Brendan Carr

FCC Commissioner Brendan Carr (center) listens to staff at the University of Virginia Medical Center present information about tele-stroke technology. July 2, 2018.

The Federal Communications Commission is interested in increasing its support of rural communities, and is eyeing ways to help health care organizations expand care beyond buildings.

According to FCC Commissioner Brendan Carr, the commission historically has supported getting broadband to buildings, but now wants to help organizations take internet and mobile devices afield. Carr toured the University of Virginia Medical Center on Monday and learned about telehealth — the practice of examining and treating patients remotely.

“It’s essentially any tool you’d have in a clinic, right here,” Carr said, gesturing at a blood pressure cuff, a blood sugar monitor and a video diagnostic wand on a conference table. Each can be connected to an app to track vital signs and send to a physician.

“There’s a lot that we do that tangentially benefits this,” Carr said. “But I’ve been thinking about if there’s more that we can do in this connected care model, this role of health care, for us as a commission to continue to support these efforts.”

High-speed internet and cell coverage has enabled UVa doctors to treat certain patients in rural areas, in high-risk situations and in the back of ambulances.

Dr.

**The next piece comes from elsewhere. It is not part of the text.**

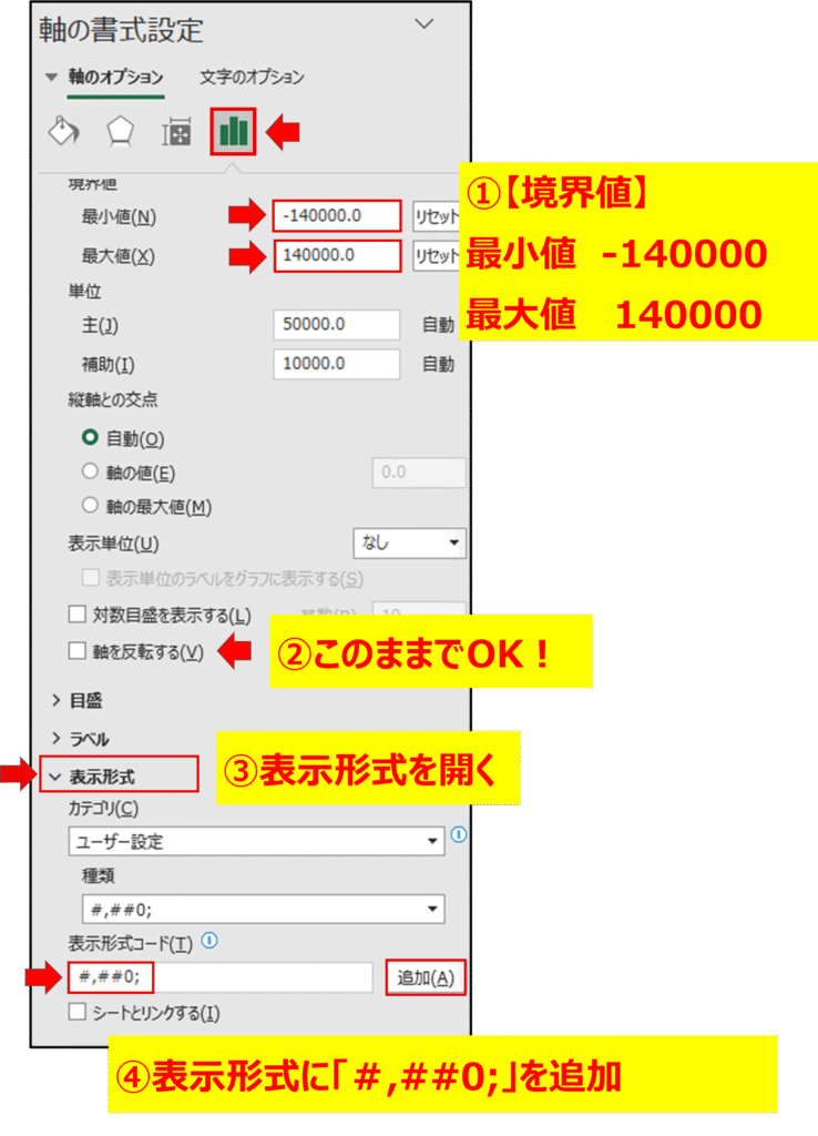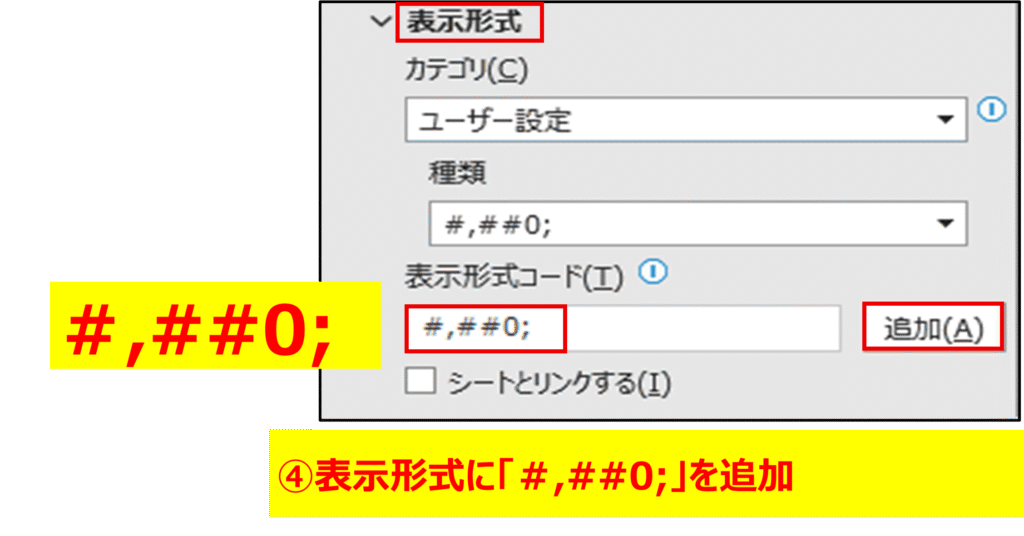 表示形式に「#,##0;」と入力して、追加ボタンを押しましょう。

Andrew Southerland, a neurologist at the Medical Center, has helped to develop a system where emergency medical techs can rig an iPad in the back of an ambulance and video call Southerland when a patient might be suffering a stroke.

“Being diagnosed with a stroke before [arriving at] the hospital can make a literal difference between spending the rest of your life in a nursing home and going home to your family,” Southerland said.

If Southerland or another neurologist is able to assess a patient’s symptoms and prescribe clot-busting medication quickly, a patient might retain millions of brain cells, receive necessary care more quickly at the hospital, and get diverted to a different facility, if necessary, for specialty surgery.

Doctors also use mobile and video technology to assess and treat patients from afar for preventative or chronic diseases.

April Morrison, the clinical nurse manager of emergency services at Culpeper Regional Hospital, frequently opens videochats so Culpeper’s emergency team can decide whether to send patients on the 45-minute ambulance ride to UVa.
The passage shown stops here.